▶ **DATA IN THIS EXERCISE**:

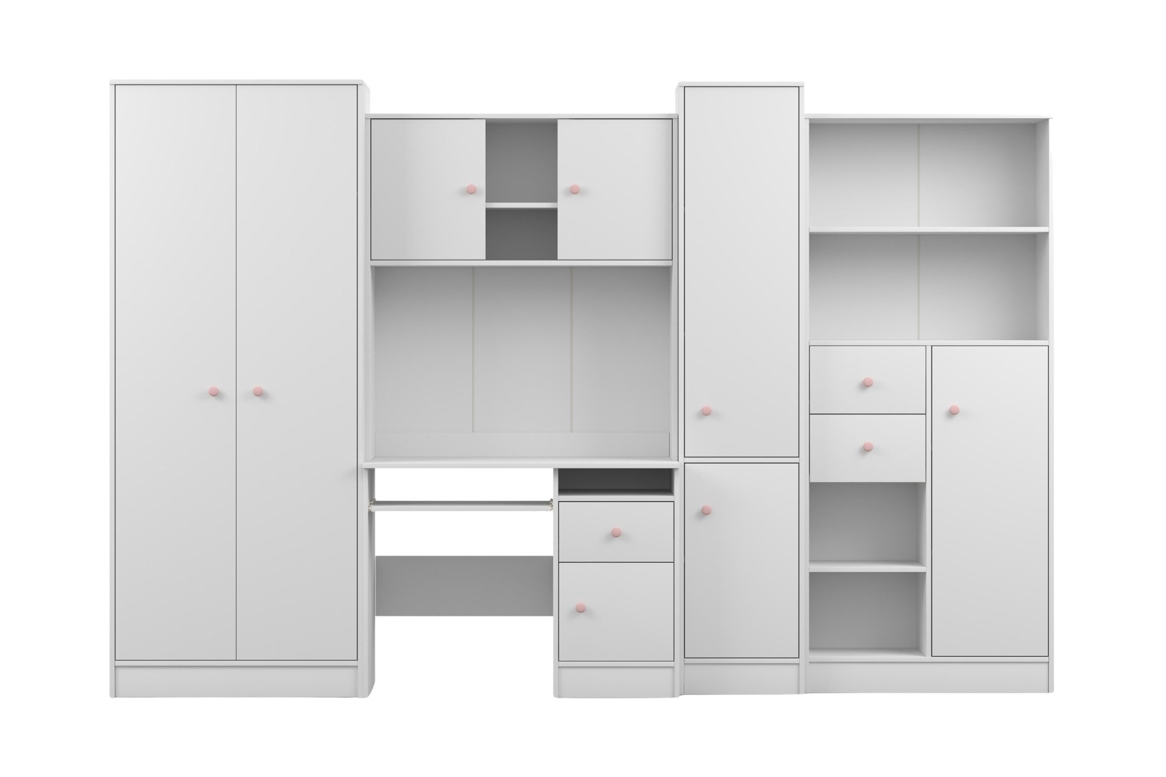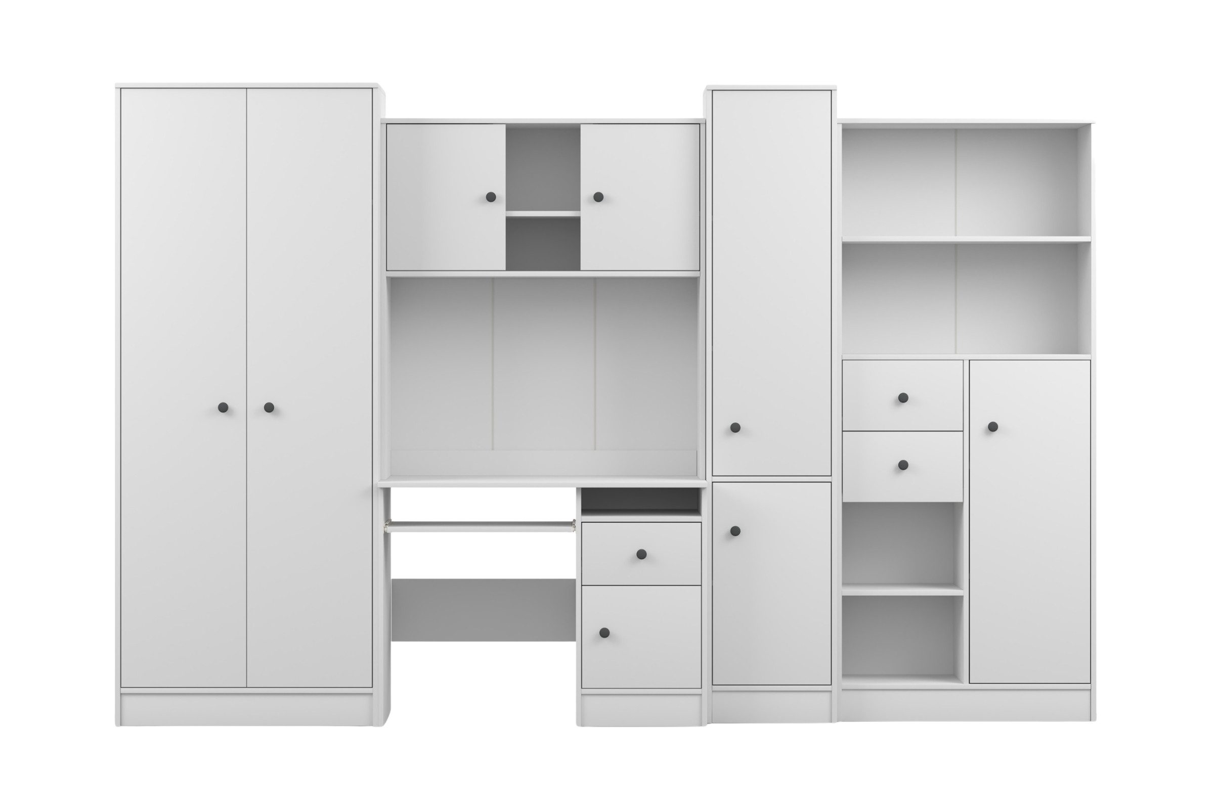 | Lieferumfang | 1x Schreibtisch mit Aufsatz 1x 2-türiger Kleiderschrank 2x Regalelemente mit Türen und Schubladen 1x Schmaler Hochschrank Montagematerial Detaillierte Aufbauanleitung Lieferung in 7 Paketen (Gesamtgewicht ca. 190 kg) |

--

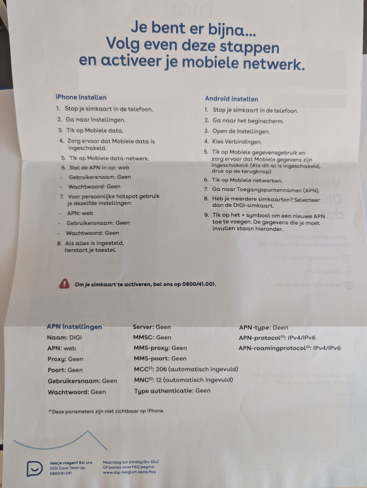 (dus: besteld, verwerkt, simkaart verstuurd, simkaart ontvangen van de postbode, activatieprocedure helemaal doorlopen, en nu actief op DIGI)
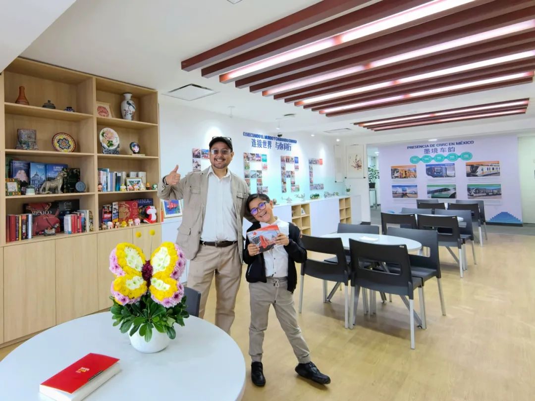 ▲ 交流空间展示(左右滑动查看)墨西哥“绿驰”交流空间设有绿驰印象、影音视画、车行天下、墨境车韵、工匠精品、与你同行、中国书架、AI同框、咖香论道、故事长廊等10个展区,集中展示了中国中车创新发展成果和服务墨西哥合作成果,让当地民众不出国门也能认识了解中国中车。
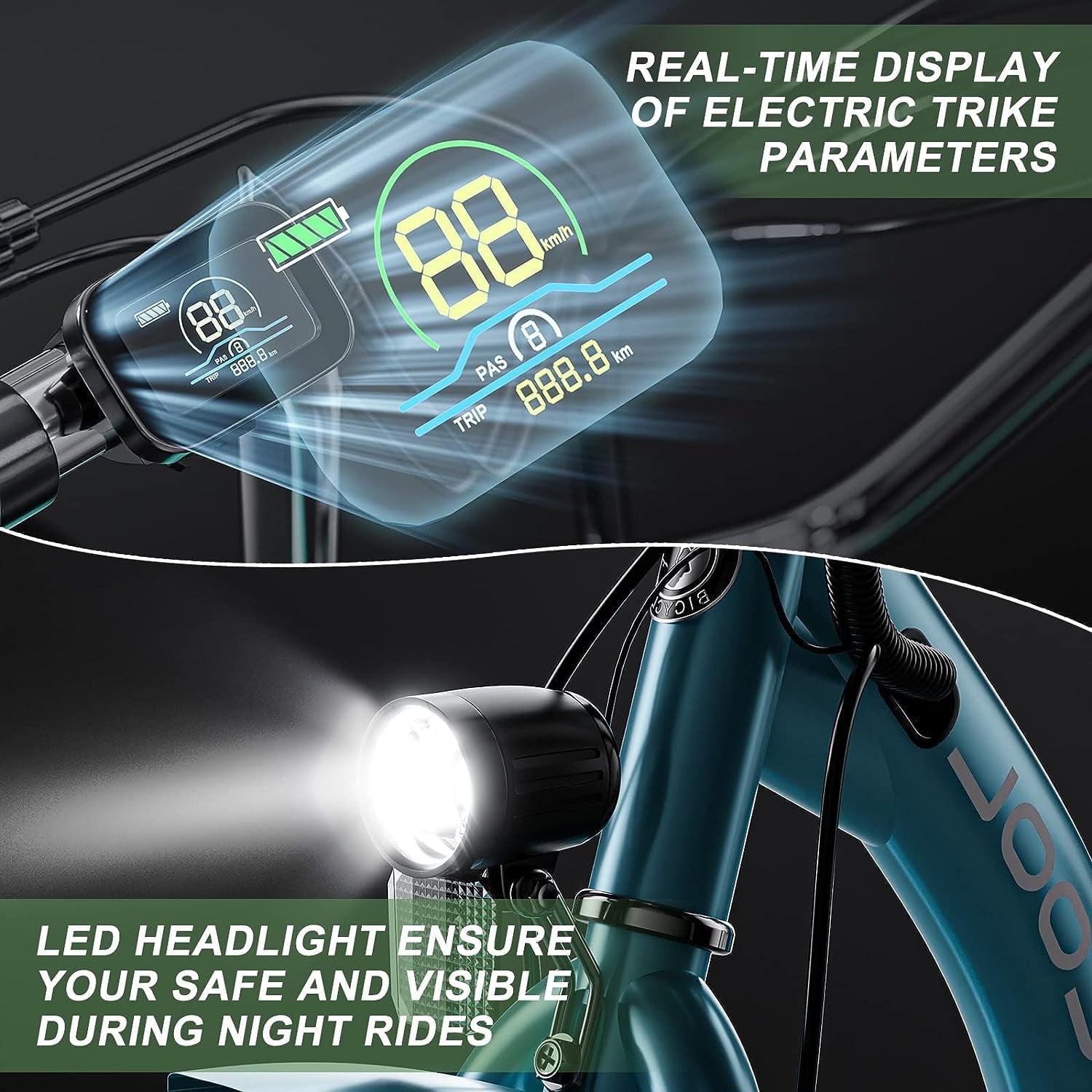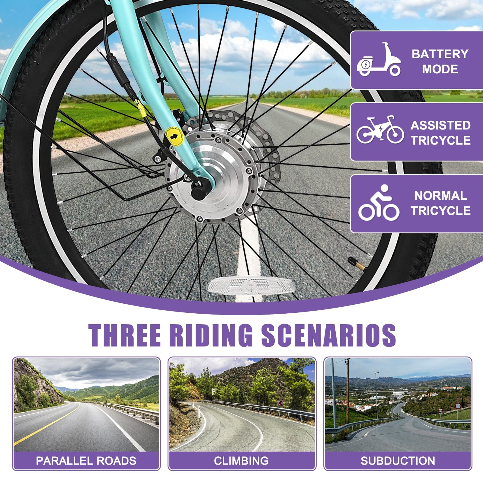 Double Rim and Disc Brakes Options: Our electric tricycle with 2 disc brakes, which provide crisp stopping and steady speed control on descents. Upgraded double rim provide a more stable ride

▶ **EXERCISE**:
Only the lines above starting with the line with "(dus: besteld, verwerkt, simkaart" and going on through the line with "Double Rim and" belong in the answer; repeat them exactly, minus any picture.

▶ **REPLY TO THE TASK**:
 (dus: besteld, verwerkt, simkaart verstuurd, simkaart ontvangen van de postbode, activatieprocedure helemaal doorlopen, en nu actief op DIGI)
 ▲ 交流空间展示(左右滑动查看)墨西哥“绿驰”交流空间设有绿驰印象、影音视画、车行天下、墨境车韵、工匠精品、与你同行、中国书架、AI同框、咖香论道、故事长廊等10个展区,集中展示了中国中车创新发展成果和服务墨西哥合作成果,让当地民众不出国门也能认识了解中国中车。
 Double Rim and Disc Brakes Options: Our electric tricycle with 2 disc brakes, which provide crisp stopping and steady speed control on descents. Upgraded double rim provide a more stable ride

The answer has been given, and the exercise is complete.